Continuous probabilistic skyline queries over uncertain data streams

  • Authors:
  • Hui Zhu Su;En Tzu Wang;Arbee L. P. Chen

  • Affiliations:
  • Department of Computer Science, National Tsing Hua University, Hsinchu, Taiwan, R.O.C.;Department of Computer Science, National Tsing Hua University, Hsinchu, Taiwan, R.O.C.;Department of Computer Science, National Chengchi University, Taipei, Taiwan, R.O.C.

  • Venue:
  • DEXA'10 Proceedings of the 21st international conference on Database and expert systems applications: Part I
  • Year:
  • 2010

Quantified Score

Hi-index 0.00

Visualization

Abstract

Recently, some approaches of finding probabilistic skylines on uncertain data have been proposed. In these approaches, a data object is composed of instances, each associated with a probability. The probabilistic skyline is then defined as a set of non-dominated objects with probabilities exceeding or equaling a given threshold. In many applications, data are generated as a form of continuous data streams. Accordingly, we make the first attempt to study a problem of continuously returning probabilistic skylines over uncertain data streams in this paper. Moreover, the sliding window model over data streams is considered here. To avoid recomputing the probability of being not dominated for each uncertain object according to the instances contained in the current window, our main idea is to estimate the bounds of these probabilities for early determining which objects can be pruned or returned as results. We first propose a basic algorithm adapted from an existing approach of answering skyline queries on static and certain data, which updates these bounds by repeatedly processing instances of each object.
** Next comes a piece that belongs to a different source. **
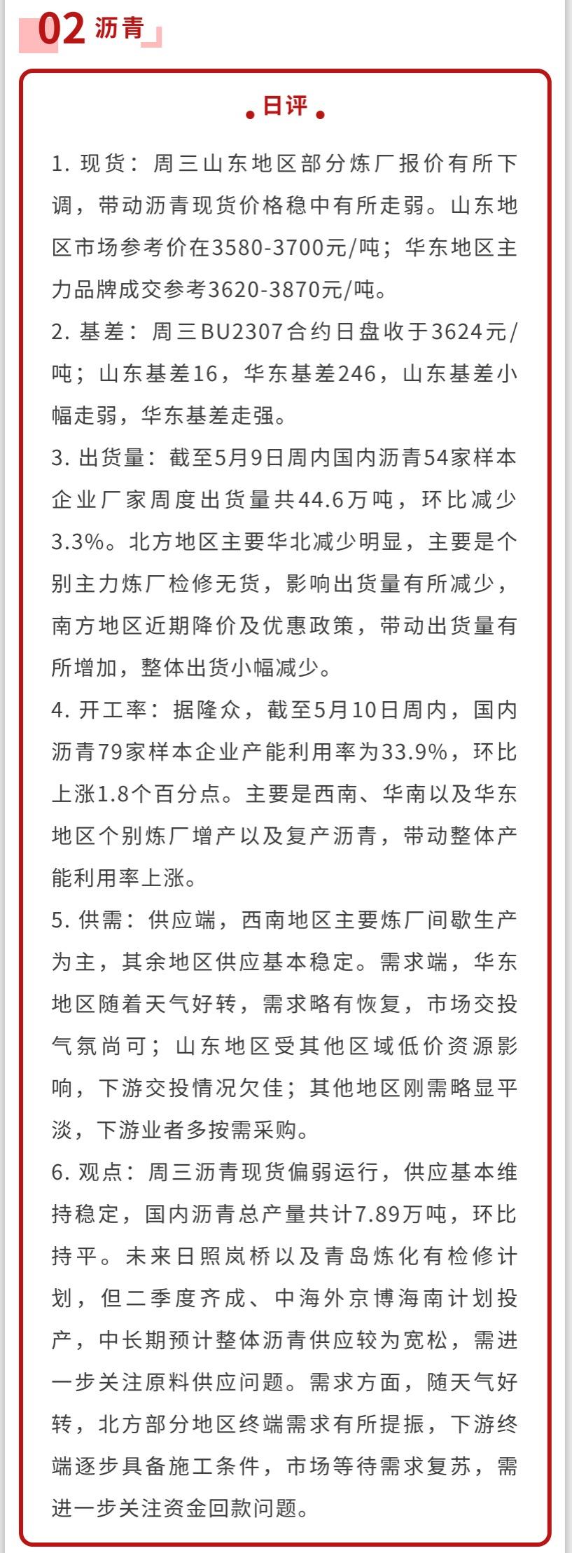 汇通财经APP讯——沥青:随天气好转,北方部分地区终端需求有所提振,下游终端逐步具备施?条件,市场等待需求复苏,需进?步关注资金回款问题。
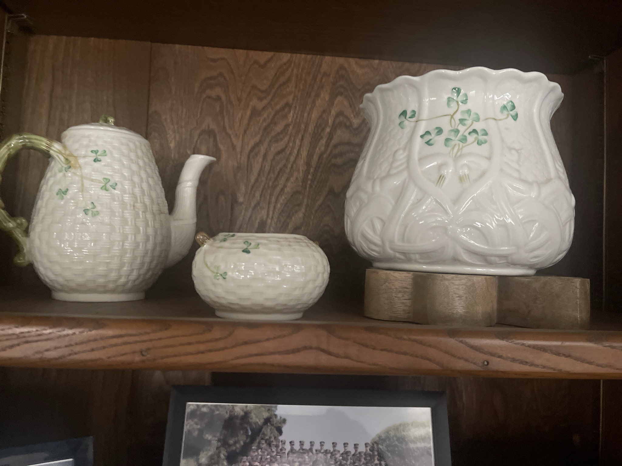 Belleek Porcelain Basketweave and Shamrock Tea Set and Planter

Then, we design a novel data structure to keep dominance relation between some instances for rapidly tightening these bounds, and propose a progressive algorithm based on this new structure. Moreover, these two algorithms are also adapted to solve the problem of continuously maintaining top-k probabilistic skylines. Finally, a set of experiments are performed to evaluate these algorithms, and the experiment results reveal that the progressive algorithm much outperforms the basic one, directly demonstrating the effectiveness of our newly designed structure.